_WHAT IS REQUIRED_
Please repeat the whole listing exactly, but leave out any picture it holds.

_MATERIAL FOR THE TASK_
==============================
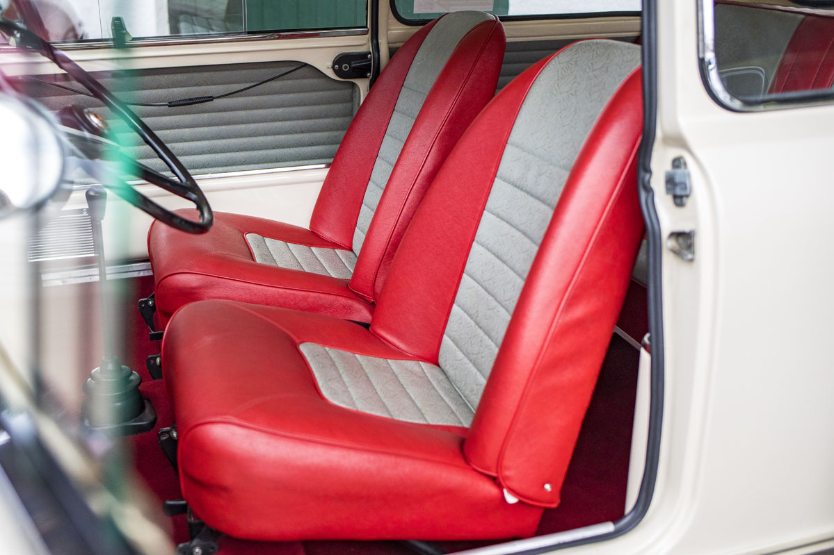 asientos de cuero rojo y gris del Mini Cooper S 1275 MK1Abro la puerta y me meto dentro de él y no hay sorpresas salvo por la configuración de los asientos, que son más envolventes que los que he probado en otras ocasiones en modelos de Authi.
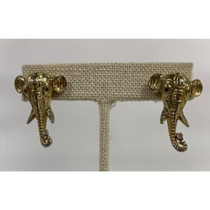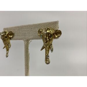 Vintage Elephant Pierced Earrings Rhinestone Gold Faux Emerald Eyes and rhinestones on trunk and tusks
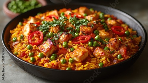 Spicy paneer rice dish in pan, garnished with cilantro, peppers, and peas
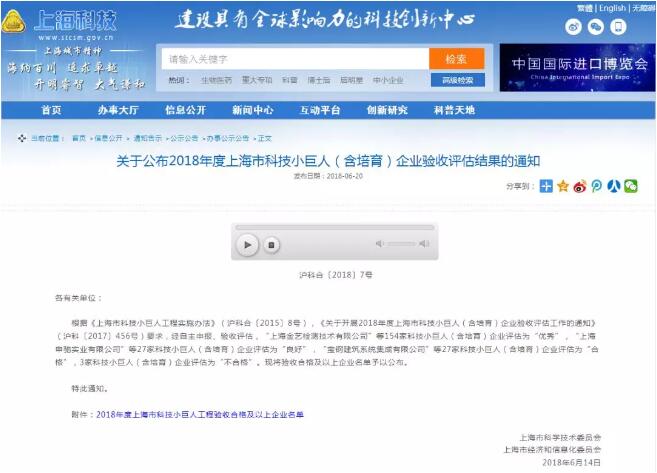 2018年6月,經上海市科學技術委員會、上海市經濟和信息化委員會權威專家驗收評審,有行鯊魚(上海)科技股份有限公司成功通過“上海市2018年科技小巨人” 驗收評估,斬獲“評級優秀”資質!
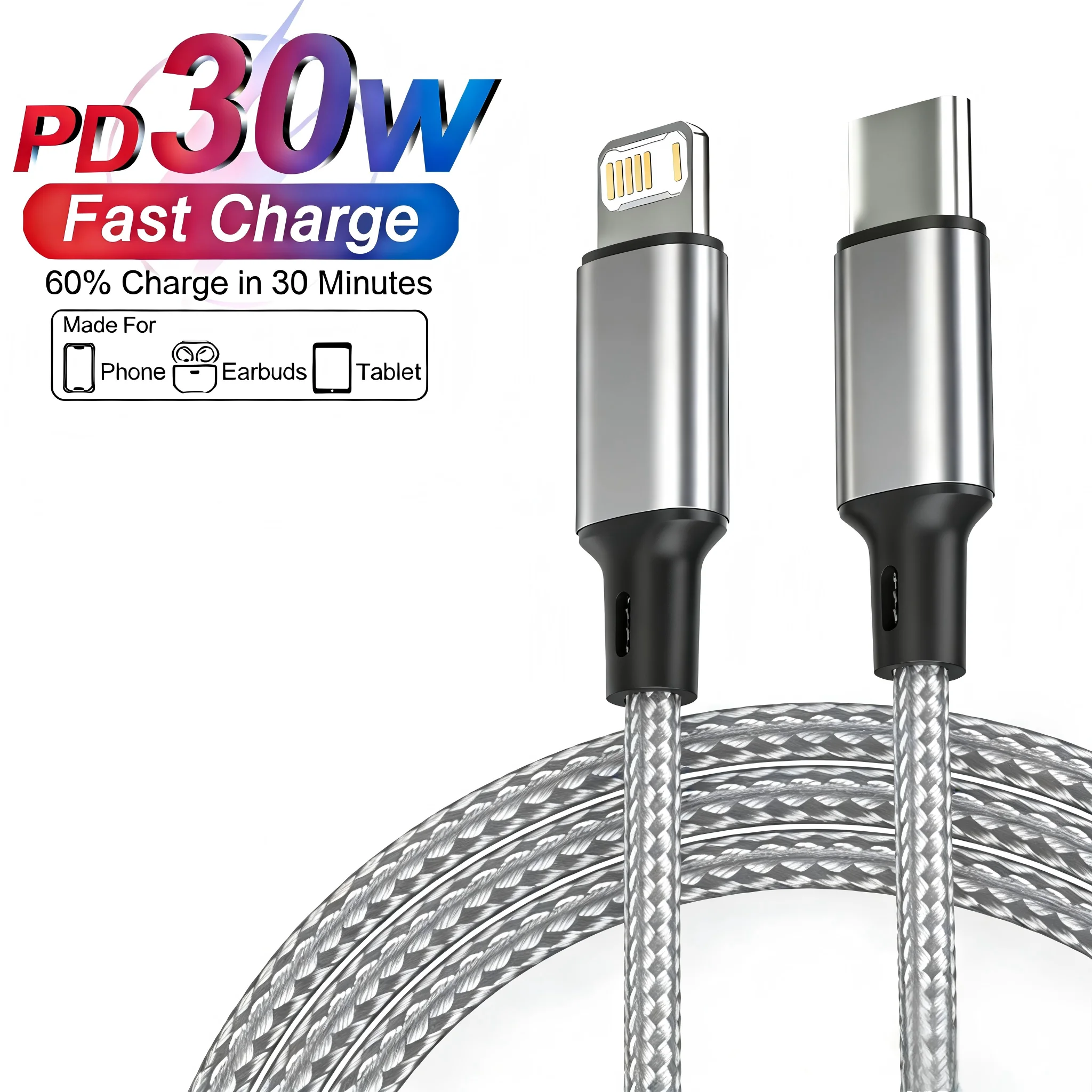 Cavo USB PD 30W per iPhone 14 13 12 11 Pro Max 7 8 14 Plus XS XR, Cavo USB C per Ricarica Rapida, Accessori per Trasferimento Dati
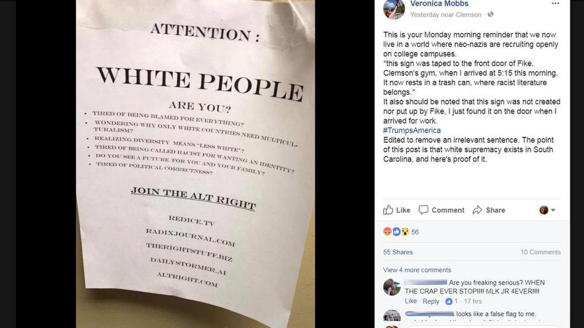 ‘Alt right’ recruitment flier seeking ‘white people’ found at Clemson University
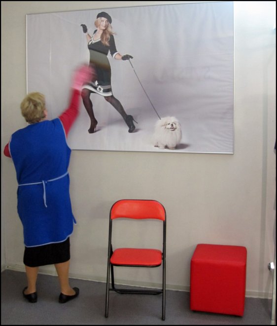 Une caméra installée dans le hall est connectée à l'ordinateur portable et grâce à cela, les modèles planifient leur sortie à l'avance.
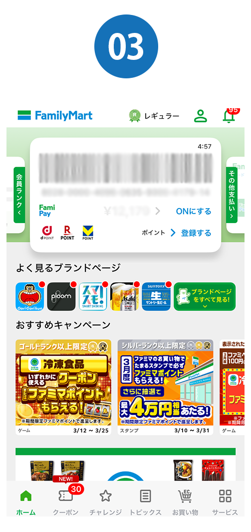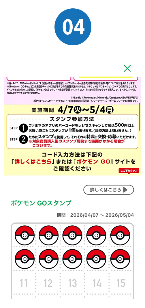 スタンプ開催期間中に、ファミリーマート店舗でファミマのアプリのバーコードをスキャンして500円(税込)以上購入する(対象外商品を除く)とスタンプが1個たまります。スタンプ交換で特典に交換・応募できます。
==============================
_SOLVED EXERCISE_
 asientos de cuero rojo y gris del Mini Cooper S 1275 MK1Abro la puerta y me meto dentro de él y no hay sorpresas salvo por la configuración de los asientos, que son más envolventes que los que he probado en otras ocasiones en modelos de Authi.
 Vintage Elephant Pierced Earrings Rhinestone Gold Faux Emerald Eyes and rhinestones on trunk and tusks
 Spicy paneer rice dish in pan, garnished with cilantro, peppers, and peas
 2018年6月,經上海市科學技術委員會、上海市經濟和信息化委員會權威專家驗收評審,有行鯊魚(上海)科技股份有限公司成功通過“上海市2018年科技小巨人” 驗收評估,斬獲“評級優秀”資質!
 Cavo USB PD 30W per iPhone 14 13 12 11 Pro Max 7 8 14 Plus XS XR, Cavo USB C per Ricarica Rapida, Accessori per Trasferimento Dati
 ‘Alt right’ recruitment flier seeking ‘white people’ found at Clemson University
 Une caméra installée dans le hall est connectée à l'ordinateur portable et grâce à cela, les modèles planifient leur sortie à l'avance.
 スタンプ開催期間中に、ファミリーマート店舗でファミマのアプリのバーコードをスキャンして500円(税込)以上購入する(対象外商品を除く)とスタンプが1個たまります。スタンプ交換で特典に交換・応募できます。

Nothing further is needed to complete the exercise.